I have bunch of ints that I need to insert into set and read in increasing order avoiding duplicates. They are produced at a different time so I don't have them in a seq.
I can probably knock-up a quick SortedSeq as a distinct seq in my code. I have a good capacity estimate for my sue case, so performance would be ok. However, it sounds as rather common problem so I assume Nim has solution for it, I just can't find it.
Any ideas?
Thank you
collections.heapqueue does mostly what you want. You would have to remove duplicates yourself, like below, but probably with an iterator called something like unique.
import collections.heapqueue
var heap = newHeapQueue[int]()
let data = [1, 3, 5, 1, 7, 9, 2, 4, 6, 6, 8, 0]
for item in data:
push(heap, item)
var last = heap.pop() #NOTE: assumes heap.len >= 1
echo last
while heap.len > 0:
let next = heap.pop()
if next != last:
echo next
last = next
Note that this does actually store duplicates until the final iteration because heaps do not possess a fast { i.e. O(log-set-size) } test for membership. So, if you had a great many copies and/or memory constraints that could be an issue. You didn't mention how high the duplication rate would be, but I bet something like the above is fast enough.
A more memory optimal structure for this is probably a simple B-Tree or some kind of balanced binary tree (less cache friendly than a B-Tree, but typically more available/implemented more often) or possibly an adaptation of collections.critbits or some other digital search tree.
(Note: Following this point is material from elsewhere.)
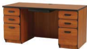
Teacher Desk 79207
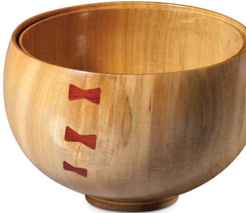
Dennis Belcher , Resurrection Series , 2010, Mineralized soft maple, padauk, 5" × 7" (13cm × 18cm)

I think there is a red-black tree in Nim floating around.
CountTable from the tables library can also do this. I don't know how it compares speed-wise with the previous solution
The keys() iterator will retrieve the sorted numbers (it sorts on insert??), and the value is the number of occurrences.
If you already have a sequence of data, you can use the toCountTable() proc to convert to a CountTable
CountTable is just a histogram and the sorting is by the bin counts not by the keys. Keys are visited in "hash order". hashes does use an identity hash for integers which could create some confusion from a simple test program if the modulo the table size post hash transform doesn't change the order (though it surely can).
Of course, the larger idea embedded in this suggestion is quite legitimate - you could use a HashSet[int] (from sets) to manage the set until you are ready to create a seq[int] via HashSet.toSeq and then sort that seq at once. This is probably the approach that most would use and is probably faster for most access patterns. The heap/tree approach would likely win if you had dynamism -- insert a bunch, sweep in key order, insert some more, sweep in key order again, etc. This complex dynamic pattern wasn't really specified in your question, though.
@Araq - fabulous. I think a B-Tree in the stdlib would be great.
@mratsim - I think you meant collections.intsets with a 't' which does not yield items() in key order.
The built-in set[up to int16] type does (implicitly) order its keys, though. @cdome also did not mention how large the integers he needed to support were, but he said "int" which I took to be the standard Nim int which is too big for a set[]. Also, while the set incl operations of set[int16] are unbeatable performance-wise, iterating over the set can be relatively slow if the set is not populated -- e.g., if you do int16 and only have 10 unique numbers, you still have to loop over 65536 entries to convert to a seq[int].
You can play around with this little program to see the various effects.
import sets, intsets, times, random, sequtils, algorithm
let trials = 10000
let numberRange = 1000 # 10000
let doPrint = false
randomize()
var Is = initIntSet()
let tI0 = epochTime()
for i in 1..trials: Is.incl(random(numberRange))
var Iss = toSeq(items(Is))
Iss.sort(cmp[int])
echo "IntSet time: ", epochTime() - tI0
if doPrint: echo Iss
var Hs = initSet[int]()
let tH0 = epochTime()
for i in 1..trials: Hs.incl(random(numberRange))
var Hss = toSeq(items(Hs))
Hss.sort(cmp[int])
echo "HashSet[int] time: ", epochTime() - tH0
if doPrint: echo Hss
var Ss: set[int16]
let tS0 = epochTime()
for i in 1..trials: Ss.incl(int16(random(numberRange)))
var Sss = toSeq(items(Ss))
echo "set[int] time: ", epochTime() - tS0
if doPrint: echo Sss
Memory hierarchies since the 1990s have broadened the relevance of 1970s practical wisdom for disk storage. A solid hash table with locality and solid B-Tree often win today. A great stdlib should have both.
A more obscure bonus of a B-Tree (when compared to, say, balanced binary trees) is cheaper amortized cost to maintain simultaneous access by rank (e.g. quickly find 95th percentile, top 10, etc. as well as query by key). With B-Trees you need only one rank counter per big node of O(M) elements instrumentation, not per element as with binary trees. So, B-Trees afford O(M)-times less space overhead and O(log(N)/log(M))-times less time overhead than a rank-instrumented binary tree of N elements. This can be useful for, e.g. tracking quantiles over moving data windows.